# Pytorch and Classification Test
Finally some real Neural Networks

## Section 1: Dataset and Dataloaders (5 min)
In this section you will implement a torchvision Dataset and Dataload for the MNIST dataset

In [None]:
import numpy as np     # <----- Our old friend

import torch            # |  Our new best friends -- this is the main pytroch library
import torch.nn as nn   # |  This is just shortening the name of this module since we're gonna use it a lot -- this is the one that has neural network objects (nn.modules)
import torchvision      # |  This is for importing the vision datasets we'll use
from torch.utils.data import Dataset, DataLoader, random_split, Subset # | These are particular objects that we use to load our data (and shuffle it and whatnot) we'll talk more about these later
import torchvision.transforms as tt # | Allows us to transform our data while we load it (or after) such as rotating, flipping, ocluding, etc. 

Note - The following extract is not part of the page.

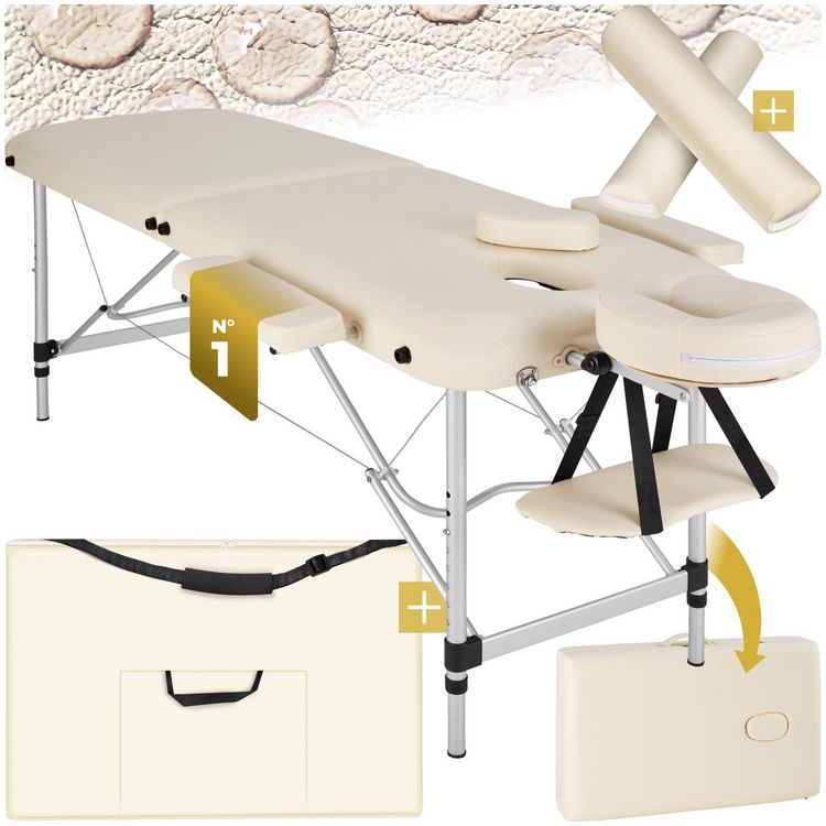 Table de massage portable pliante 2 zones largeur 61 cm et rembourrage de 4 cm beige

import torch.nn.functional as F # | This is for functional / in-place operations for example if I wanted to do a sigmoid operation, but not as a neural net object (though I can still update through it)


from torchvision.utils import make_grid  # |   Utility stuff for plotting
import matplotlib.pyplot as plt          # |  <- I use this one a lot for plotting, seaborn is a good alternative
from matplotlib.image import imread      # |  it reads images... (png -> usable input (like a numpy array for ex))

import random

## MNIST
You remeber our good friend MNIST? Well it's about time that you two get acquainted. MNIST is a dataset of 60,000 training and 10,000 testing images of handwritten digits, with (human done) labels of which digit is written. You can find the MNIST official website [here](http://yann.lecun.com/exdb/mnist/) and a description a little less 80's [here](https://deepai.org/dataset/mnist)

Notably this dataset has no colors -- and because of how (relatively) simple this dataset is we consider this to be the "hello world" of vision datasets.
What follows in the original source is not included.